From: T. Max Devlin <[EMAIL PROTECTED]>
Crossposted-To: comp.os.ms-windows.nt.advocacy
Subject: Re: bank switches from using NT 4
Reply-To: [EMAIL PROTECTED]
Date: Fri, 04 May 2001 15:46:10 GMT

Said Jon Johansan in comp.os.linux.advocacy on 3 May 2001 11:49:14 
   [...]
>Imagine this:
>XP is the achievement of a single code base. One set of drivers, you do not
>need to maintaine different drivers for W9x and ME and W2K. There is only
>one set of updates. Only one GUI to learn. One way to do things. It's the
>termination of a KNOWN ugly line of code. It's the end of ANYTHING remotely
>to do with DOS (other than emulation for backwards compatibility).

Earth to Jon: that's what they said about Win98 and W2K, too.  (And lots
of it was said about Win95 and NT, as well.)

>XP is a godsend for tech support. No longer having to ask: what version of
>windows are you running? and then having to fork your knowledgebase and
>script based on that.

So if everybody upgrades to the newest version, Microsoft promises that
will finally be the end of the upgrade merry-go-round?  Guffaw.

>I don't see XP as a wait for it or think about it upgrade, I see XP as a
>must have upgrade. Give me a shop running W2K servers and W2K/XP desktops
>and I'll show you one that has cut tech support by half just from
>eliminating support for old crap.

Sock puppets.  Geez.

-- 
T. Max Devlin
  *** The best way to convince another is
          to state your case moderately and
             accurately.   - Benjamin Franklin ***

------------------------------

From: T. Max Devlin <[EMAIL PROTECTED]>
Crossposted-To: comp.os.ms-windows.nt.advocacy
Subject: Re: bank switches from using NT 4
Reply-To: [EMAIL PROTECTED]
Date: Fri, 04 May 2001 15:46:11 GMT

Said Jon Johansan in comp.os.linux.advocacy on 3 May 2001 11:43:12 
>"Ayende Rahien" <[EMAIL PROTECTED]> wrote in message
>news:9coaa0$k34$[EMAIL PROTECTED]...
>>
>> "Jon Johansan" <[EMAIL PROTECTED]> wrote in message
>> news:3aef6b26$0$41693$[EMAIL PROTECTED]...
>> >
>> > "Greg Copeland" <[EMAIL PROTECTED]> wrote in message
>> > news:[EMAIL PROTECTED]...
>> > > Dave Martel <[EMAIL PROTECTED]> writes:
>> > >
>> > > [snip]
>> > > >
>> > > > It's a hardware-based registration system. Perhaps they'll overlook
>a
>> > > > single hardware change, but I tend to change several things at a
>time.
>> > > > No use getting a bigger meaner video card if your MB & HD don't have
>> > > > the necessary throughput. Or at least, that's my excuse for buying a
>> > > > lot of expensive new toys all at once. :-)
>> > >
>> > > Can you say CPU Serial ID??
>> >
>> > Sure: CPU Serial ID disabled in BIOS. Hmm???
>>
>> It can be changed when the OS is loaded without needing to reboot.
>
>Via a 3rd party piece of software - if you loaded that software and enabled
>the serial number then what would be your worry?

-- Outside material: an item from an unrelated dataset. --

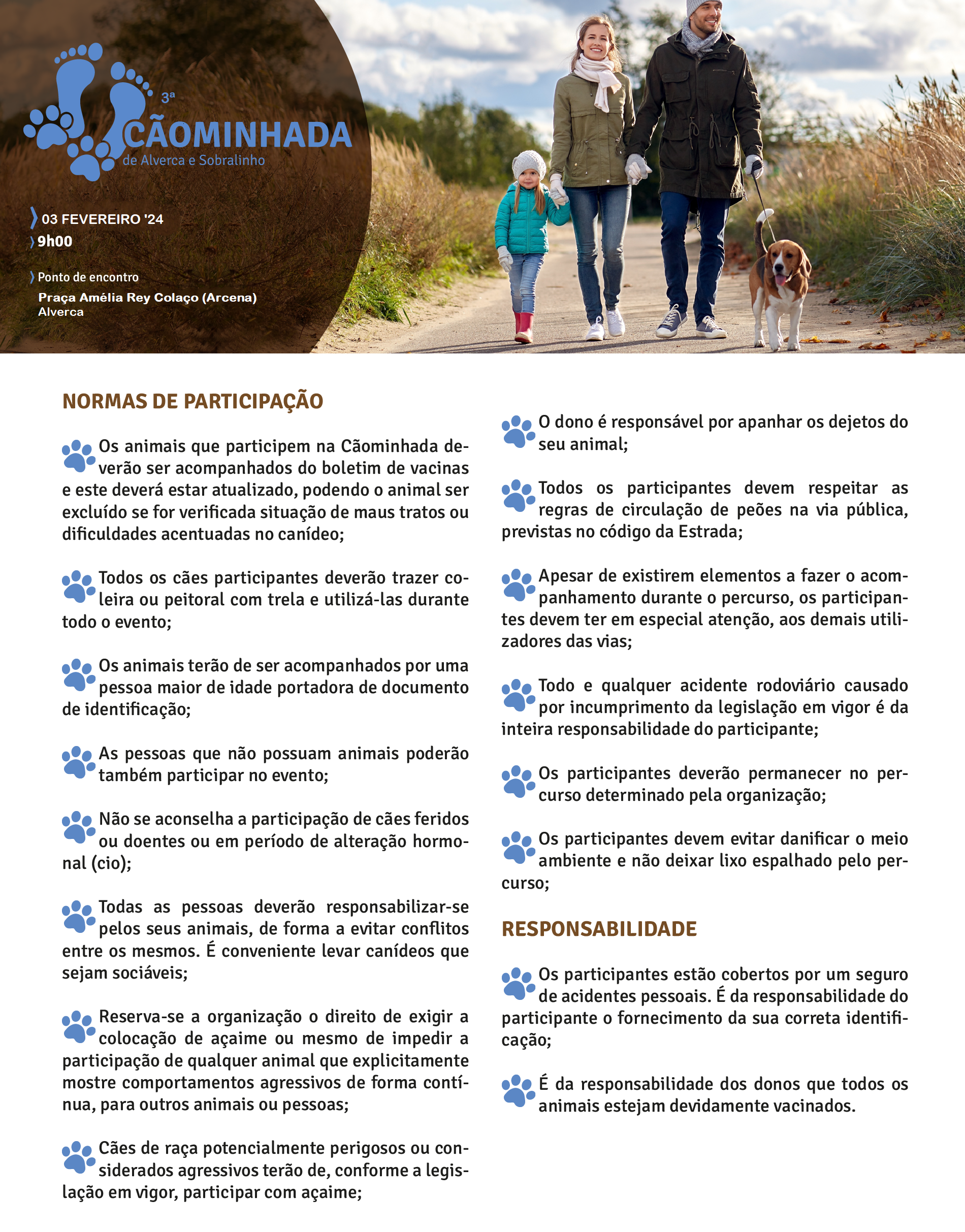 A 3.ª CãoMinhada vai acontecer em Arcena no próximo dia 3 de fevereiro (Sábado). O ponto de encontro será a Praça Amélia Rey Colaço (atrás da Casa do Povo e do Pavilhão Municipal).

You have some verification this software isn't already in the Windows
update software?

>i hardly suspect you would
>claim MS is going to override your BIOS setttings to extract the CPU Serial
>ID without permission and documentation - the fall out if such a thing was
>done and done secretly is too huge for MS to even THINK about doing.

Some would say the same about MS's recent actions staking their claim on
their customers' intellectual property.

>MS makes mistakes but they are not blindly stupid.

No, but they are a monopoly, and therefor dishonest, and not to be
trusted.

-- 
T. Max Devlin
  *** The best way to convince another is
          to state your case moderately and
             accurately.   - Benjamin Franklin ***

------------------------------

From: T. Max Devlin <[EMAIL PROTECTED]>
Crossposted-To: comp.os.ms-windows.nt.advocacy
Subject: Re: bank switches from using NT 4
Reply-To: [EMAIL PROTECTED]
Date: Fri, 04 May 2001 15:46:12 GMT

Said Jon Johansan in comp.os.linux.advocacy on 3 May 2001 11:53:09 
>"Greg Copeland" <[EMAIL PROTECTED]> wrote in message
>news:[EMAIL PROTECTED]...
>>
>> You need to be A LOT more informed.  This is a CPU function and has
>> NOTHING to do with the BIOS.  When you disable it in BIOS, the BIOS
>> simple issues the needed instructions to turn it off.
>
>I know this.
>
>Likewise, any
>> OS during boot can choose to turn it back on.
>
>True - but Windows does not do this.

Caveat emptor, bub.

>>  This was well established
>> by Intel when it first came out.  In short, if you think you have ANY
>> protection by turning it off in BIOS, you have been horribly mislead.
>
>It gives DEFAULT protection. If I turn it off in BIOS then I know the ONLY
>way it's back on is if something *I* installed turns it back on.

So you've source code to all the DLLs?

>> My
>> understanding is that even a properly written application could do this
>> (turn it on and back off) if it had proper permission to access the CPU.
>
>Sure, but ONLY if *I* install such an application.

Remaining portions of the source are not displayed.